Identity fraud rings, which often target wireless companies and banks, are thriving in the U.S., according to a new study.
Any company that provides products and services to customers and is on the hook for it needs to watch out.
Stephen Coggeshall, CTO, ID Analytics
There are more than 10,000 identity fraud rings in the U.S., according to a report issued by San Diego-based ID Analytics. The study examined about 1.7 billion identity risk events, including more than a billion applications for bankcards, wireless services and retail credit cards; changes in personally identifiable information such as name, address, date of birth and Social Security number; and other third-party data. The data was collected in ID Analytics' ID Network from Jan. 2009 to Sept. 2012.
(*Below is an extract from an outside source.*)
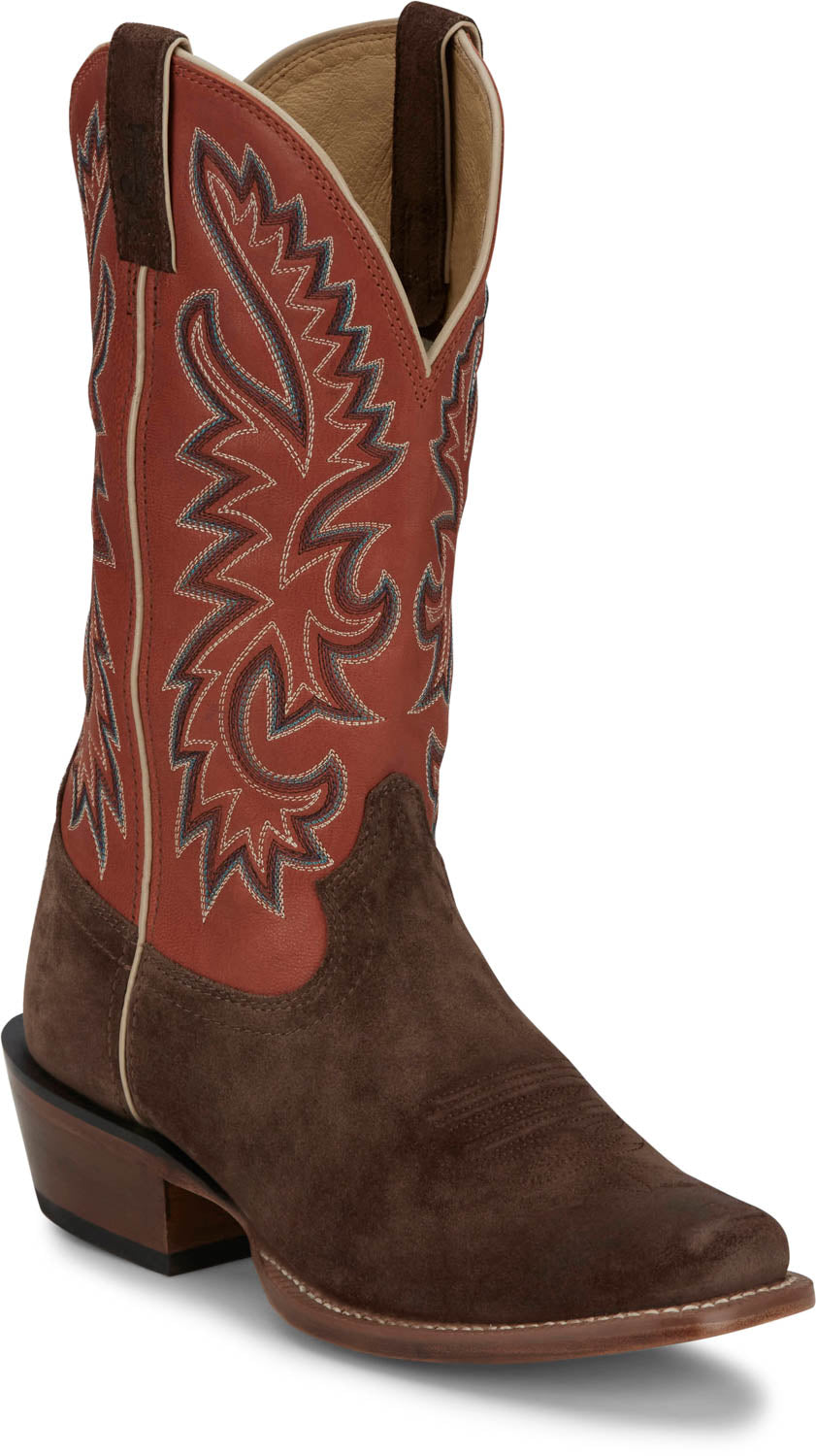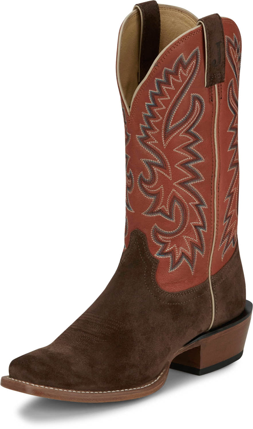 Justin Mens Jimmy 13in Western Russett/Red Leather Frontier Cowboy Boots

Fraud rings often are small groups of family, friends or both. Many focus their efforts on the bankcard, wireless and retail card industries, according to the report, titled I See Fraud Rings. The study focused on the act of individuals misrepresenting themselves in order to improperly obtain products or services.
"We do find that cell phone companies are the hardest hit," said Stephen Coggeshall, CTO of ID Analytics and author of the report in an interview with SearchSecurity.com. He added that they aren't the only types of companies that need to look out for fraud.
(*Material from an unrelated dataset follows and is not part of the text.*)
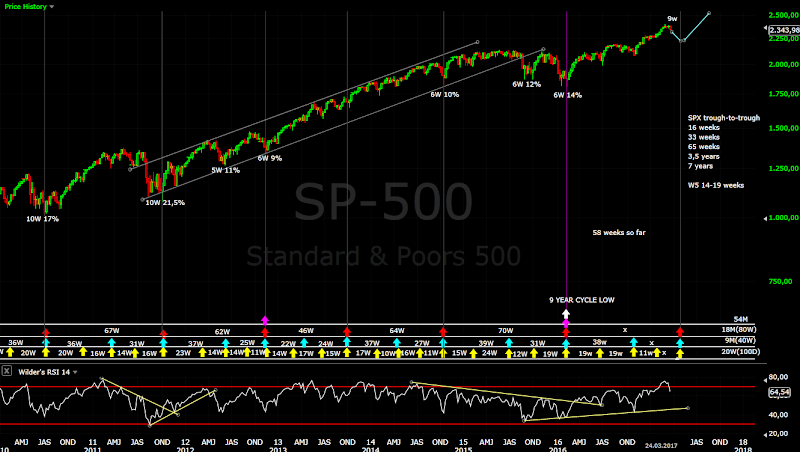 We saw a move higher as expected.... no strong case either for bullish or bearish outcome, but I see more and more hints that the top is behind us. Europe looks like finished ED with reversal candle and RSI/MACD divergence, DJT with clear impulse lower, XLF you could count diagonal lower, RUT you can count an impulse lower. SPX on the daily chart RSI broke below the trend line and it is not recovering quickly just tested twice the broken trend line. It takes too long for the index to rally 7 trading days already. McClellan Oscillator - compared historically after a move below -80 the correction was already running, but it is so shallow that you do not think about correction. "Recovery" follows for 1-2 weeks but it is weak and reversal follows - for more than 2 weeks we have exactly the same price behavior. Higher high could not be ruled out, but I think the top is behind us.

"Any company that provides products and services to customers and is on the hook for it needs to watch out," Coggeshall said.
Coggeshall advised companies to look into screening technology that can confirm legitimate identities.
The study also discovered that many fraud rings are located in the Southeast.
"Although fraudsters can be found anywhere in the U.S., there appears to be a 'belt of fraud' that runs through the rural Southeast, extending from Virginia to Mississippi, with significant activity in the Carolinas, Georgia, Florida and Alabama," according to the study.